Framework has also been moving parts of its lineup toward coreboot, while others still use Insyde firmware.

Do you know which firmware stack your machine is running ?

One question: is the Framework running the latest BIOS/EC firmware available? A lot of suspend/resume bugs end up being fixed in firmware updates, especially around button handling, debounce logic or device reattachment during resume.

I did not upgrade the BIOS yet, but the laptop is only 5 weeks old. That being said, it is still possible that the BIOS is out of date; though this is a relatively new laptop model as well.

I will check the BIOS type and version in a moment.

Do you know which firmware stack your machine is running ?

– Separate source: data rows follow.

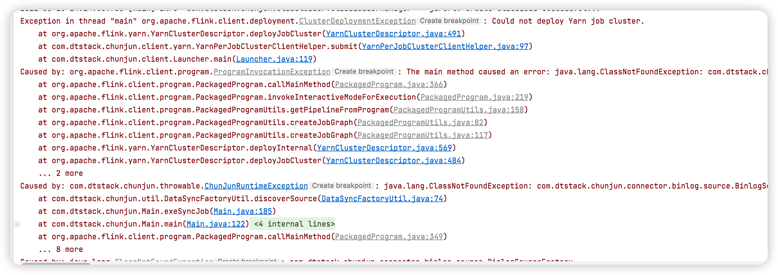 **Describe the bug** Use 'chunjunDistDir' replace 'flinkxDistDir', then task failed with ClassNotFoundException. <img width="1349" alt="image" src="https://user-images.githubusercontent.com/35768015/169467555-4c590bf9-6e17-4ecd-ba28-6e9b13a6a402.png"> <img width="723" alt="image" src="https://user-images.githubusercontent.com/35768015/169467594-2a4259b7-065d-4b12-b36d-f19131e1edab.png">
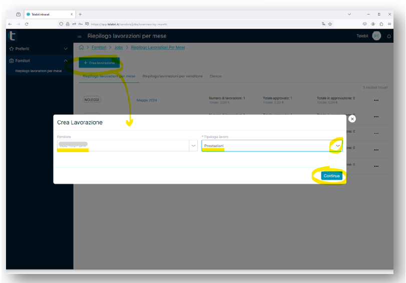 Cliccare ora sul pulsante "Nuova lavorazione" e successivamente specificare la tipologia di lavoro, poi "Continua". Il campo "Fornitore" sarà inserito di default.
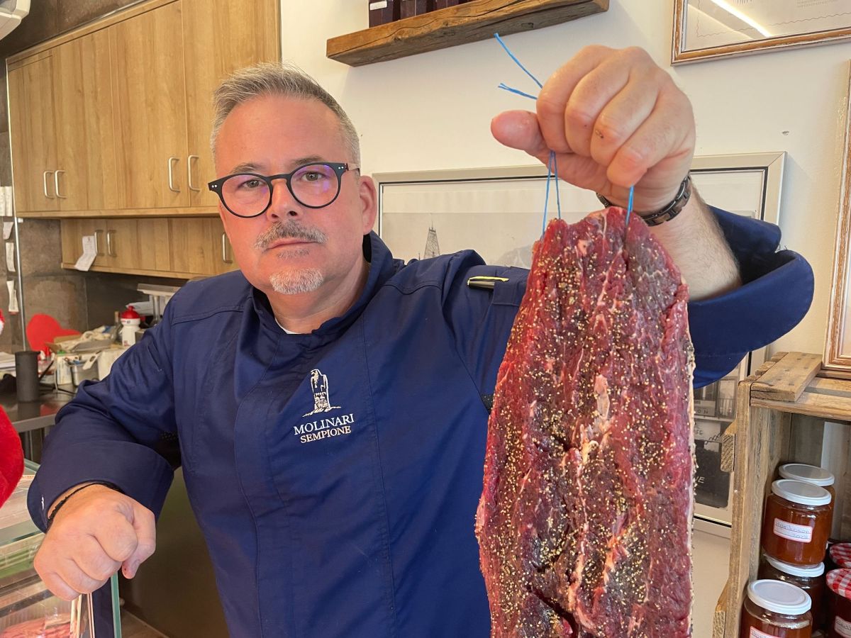 «In unserem Trockenfleisch steckt nur Handarbeit drin, es ist authentisch und ehrlich», erzählt der Walliser. «So wird es geschmackvoll und bekommt eine schöne Farbe.» Bevor er das Fleisch im Bellevue aufhängt, wiegt Molinari jedes Fleischstück einzeln und berechnet aufs Gramm, in wie viel Salz er es einlegt. So lässt er es zehn Tage ruhen – in der Nacht im Kühlschrank, tagsüber im Metzgereiladen unten in Brig. Dann mariniert er die Stücke sorgsam mit Pfeffer und Kräutern aus seinem Garten – etwa Lavendel, Thymian, Majoran und Salbei. Packt sie in Säcke ein, fährt auf den Simplonpass und hängt sie im Bellevue auf – wo sie zwei bis vier Monate an der frischen Alpenluft trocknen.
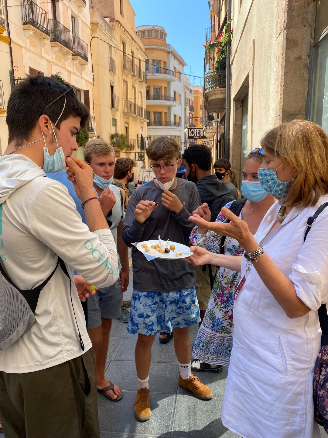 Our walk through the city was lovely. Lores led us through the quaint little streets and the large busy avenues, which are rich with history and culture. The buildings were practically built inside the ancient city wall! We stopped at a farmer’s market for lunch, where many of us bought an ample supply of fresh fruits and Jamon sandwiches, and we were again on our way. Lores brought us to a turron shop where we all had a taste of the local delicacy, and we then went to the National Archaeological Museum of Tarragona. We then finished our tour at the Roman amphitheater. Following the tour, we went our separate ways, some to the beach and others to shops and restaurants. Today was a day of history, appreciation, and goodbyes, and it was a great experience.
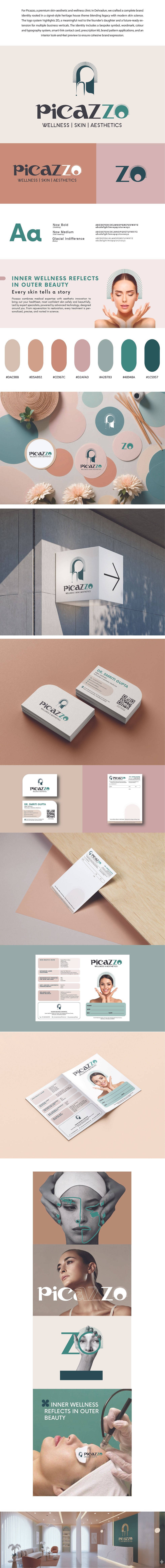 For Picazzo, a premium skin-aesthetic and wellness clinic in Dehradun, we built a refined brand identity blending heritage elegance with modern clinical clarity. The ZO monogram anchors the system as a future-ready brand asset, supported by a cohesive colour–type palette, stationery suite, smart-link card, prescription kit, and interior mood direction — creating a unified, premium experience across all touchpoints.
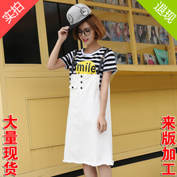 夏裝新款休閑學(xué)院風(fēng)笑臉條紋兩件套背帶連衣裙女潮 /
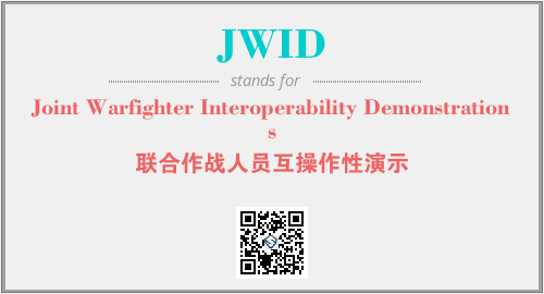 上述内容是“Joint Warfighter Interoperability Demonstrations”作为“JWID”的缩写,解释为“联合作战人员互操作性演示”时的信息,以及英文缩略词JWID所代表的英文单词,其对应的中文拼音、详细解释以及在英文中的流行度和相关分类、应用领域及应用示例等。
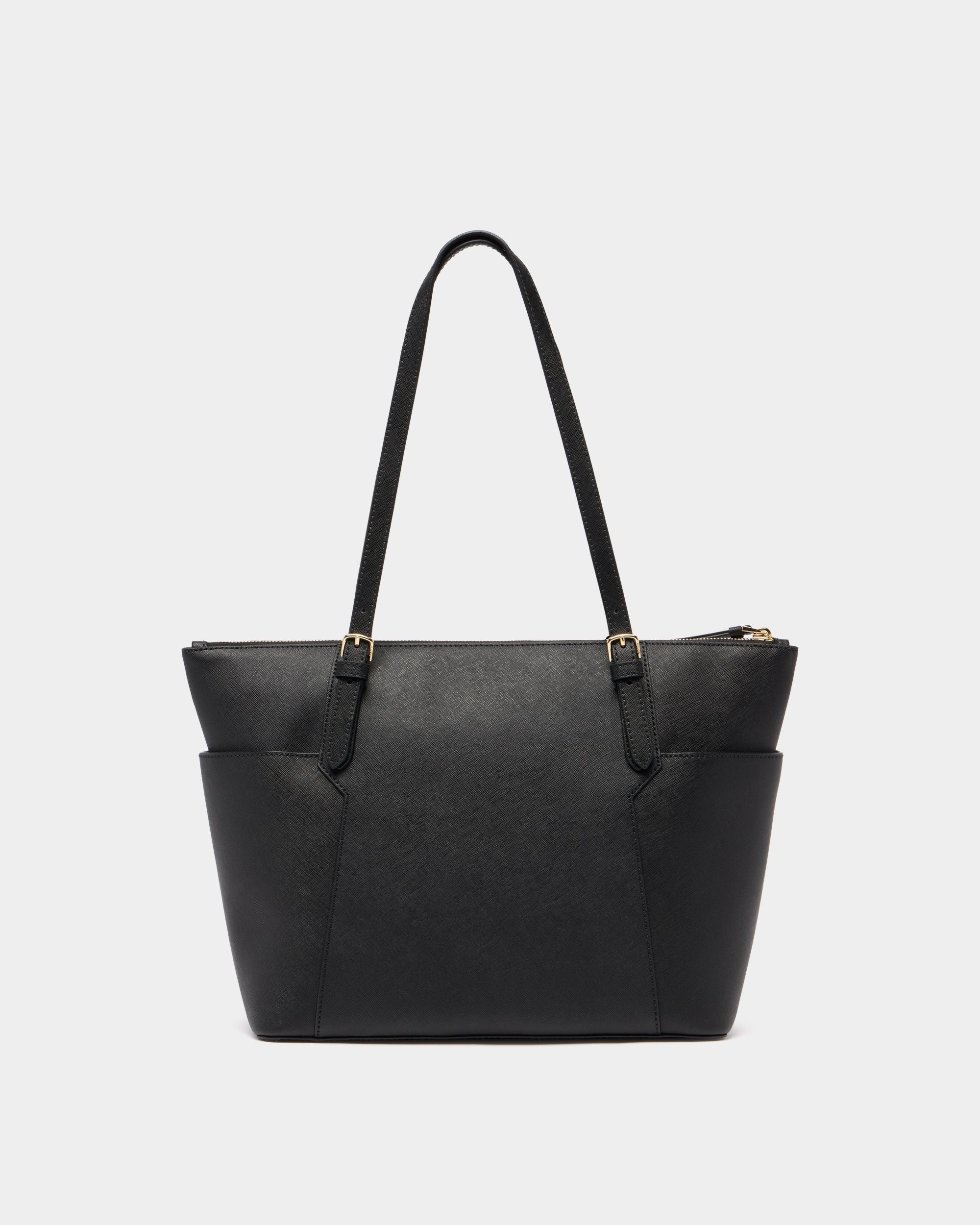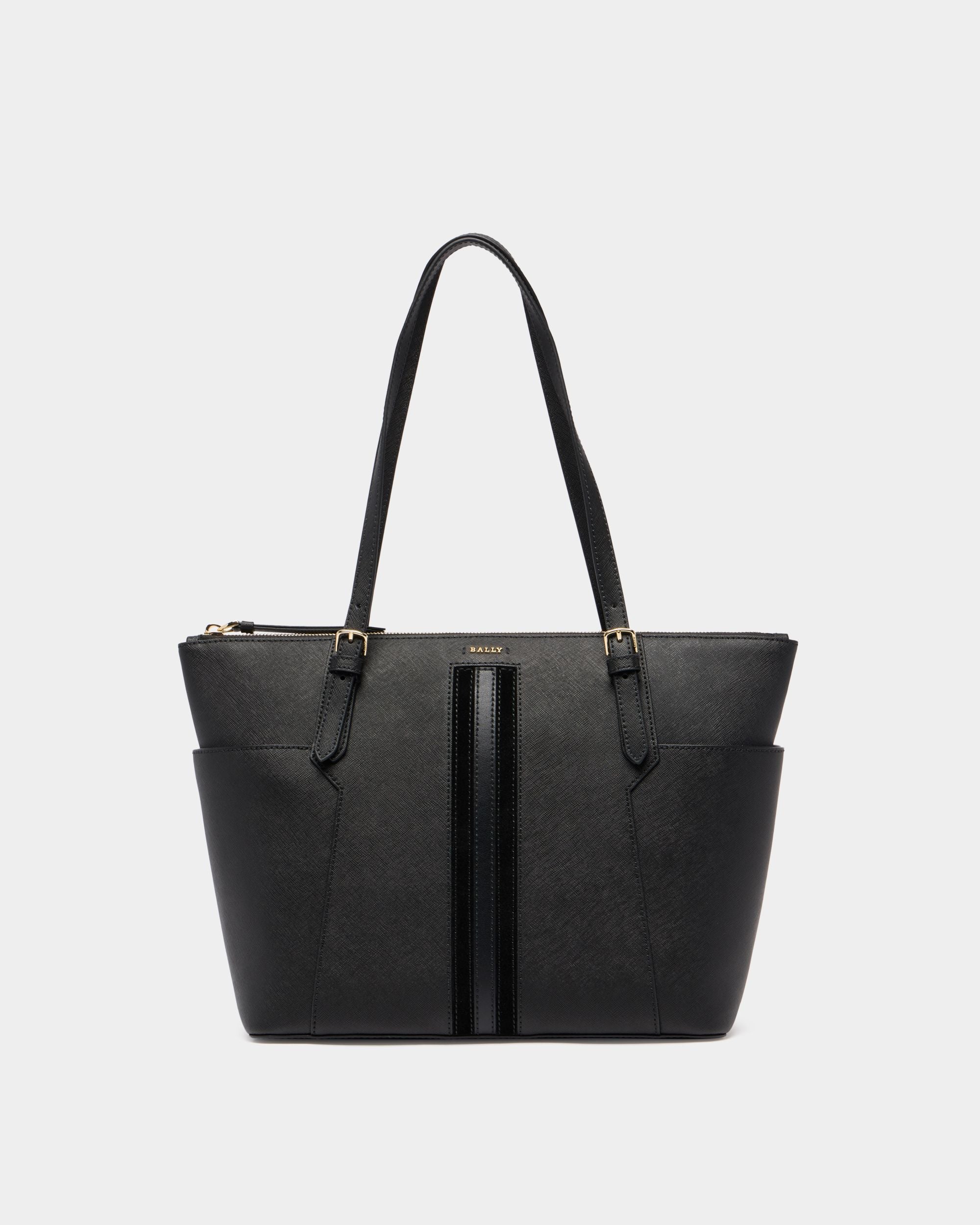 This tote bag in black textural leather is enriched with a chic tone-on-tone Bally Ribbon in leather inlay and gold-tone logo hardware to the front. Adjustable top handles ensure easy carry.
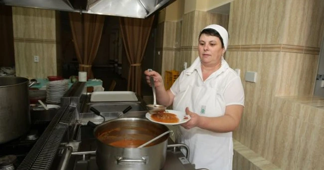 Muncea şi atunci pe rupte, pentru că-i veneau la masă în jur de 140 de copii. Dar măcar împărţea treaba cu o colegă, o zi fiind una la serviciu, o zi cealaltă. Acum e de una singură. Găteşte zilnic, deoarece e obligatoriu ca mâncarea să fie proaspăt preparată. Are la prânz 40 de elevi şi vreo 12 adulţi.
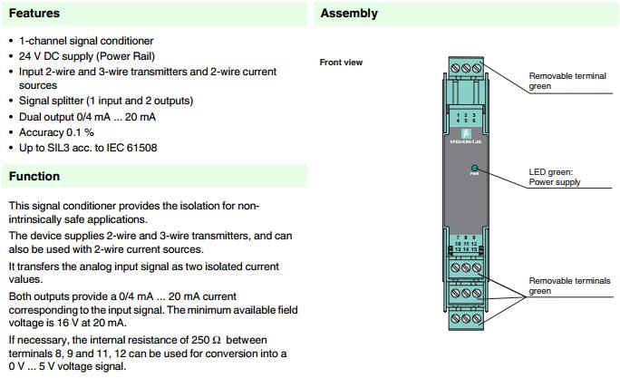 KFD2-CR4-1.2O,模擬量輸入信號調(diào)節(jié)器

It’s an Insyde BIOS (picture below); InsydeH2O Version LFR20.03.04

IMG_1089.jpeg (3×4 px, 2 MB)

You are 3 versions behind : https://knowledgebase.frame.work/framework-laptop-12-bios-and-driver-releases-13th-gen-intel-core-HyrqeX2ex

The changelog of the EC is opaque, but it looks like there was code update.

Framework has also been moving parts of its lineup toward coreboot, while others still use AMI firmware.

All Framework Computer systems ship with Insyde BIOS and a fork of chrome EC firmware.
Coreboot is just an experiment at the moment.
EC firmware is open source: https://github.com/FrameworkComputer/EmbeddedController/tree/fwk-sunflower-26784/zephyr/program/framework/sunflower

Thanks for the clarification Daniel and the link to the EC.

I'm going to test this on some computers i have here.

I checked the firmware behavior, it first triggers a wake-up via PWRBTN# pin

Here is how linux handles it: https://github.com/torvalds/linux/commit/e71eeb2a6bcc
It does not have a timeout, it just ignores powerbutton ACPI notify events in sleep, it requires a wake source.

Linux systemd HoldoffTimeoutSec defaults to 30 seconds where all events are ignored after a resume for a spell.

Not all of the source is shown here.